The quantity \(M_1'(\omega)\) determines the correction to the frequency, and \(M_1''(\omega)\) the damping of the homogeneous precession. These quantities will be increasing functions of the temperature. In the vicinity of the Curie point and in the paramagnetic region we shall have, for \(M'(\omega)\), the estimate

\[ M_1'(\omega)<\frac{(8I)^2}{\omega}\frac{T}{T_c}\frac{1}{36c} \sqrt{\frac{\dfrac{\mu H}{\sigma}+\delta I-\mu^2N_z}{I}}, \tag{17} \]

where \(c\sim 1.5\).

If the applicability of our method is considered in the spirit of perturbation theory, it is necessary to require that \(M_1'(\omega)\ll E'(0)\). The quantity \(M_1''(\omega)\) determines the shape of the resonance line. The imaginary part of the high-frequency susceptibility at the resonance point is also expressed through it. We give the value of \(M_1''\) for a sphere \((N_\perp=N_z)\) at \(\omega=E'(0)\) in the vicinity of the Curie point and in the paramagnetic region:

\[ M_1''(\omega_0)=\delta I\sqrt{\frac{\mu^2N_z}{I}}\,\frac{T}{T_c}\frac{1}{2\pi^2}\, \frac{\delta I}{\mu H+\sigma\mu^2N_z}. \tag{18} \]

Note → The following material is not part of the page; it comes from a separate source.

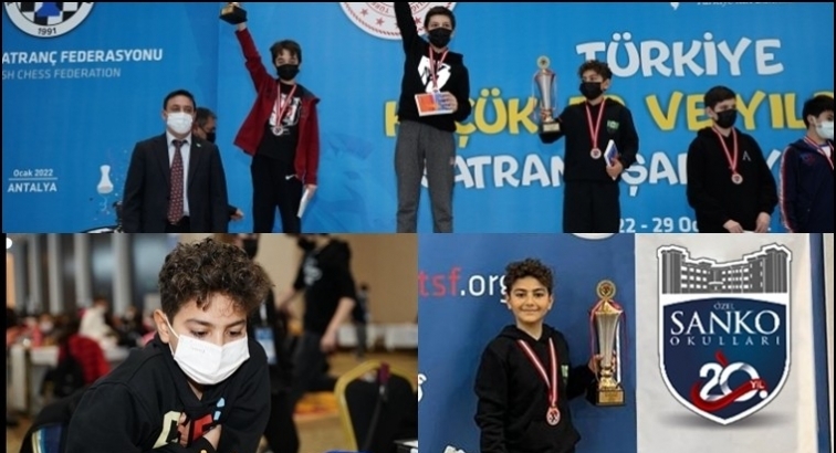 SANKO Okulları öğrencisi Kutay Sakmak, “2022 Türkiye Küçükler ve Yıldızlar Satranç Şampiyonası”nda 13 yaş genel kategorisinde Türkiye üçüncüsü oldu ve Milli Takım havuzuna seçildi.

Mathematical Institute named after V. A. Steklov
Academy of Sciences of the USSR

Received
3 III 1969

REFERENCES

1. N. N. Bogolyubov, Problems of Dynamical Theory in Statistical Physics, Moscow, 1946.
2. S. V. Tyablikov, FTT, 2, 361 (1960).
3. N. N. Bogolyubov, S. V. Tyablikov, DAN, 126, 53 (1959).
4. N. A. Potapkov, FTT, 4, 1803 (1962); Izv. AN SSSR, ser. fiz., 28, 495 (1963).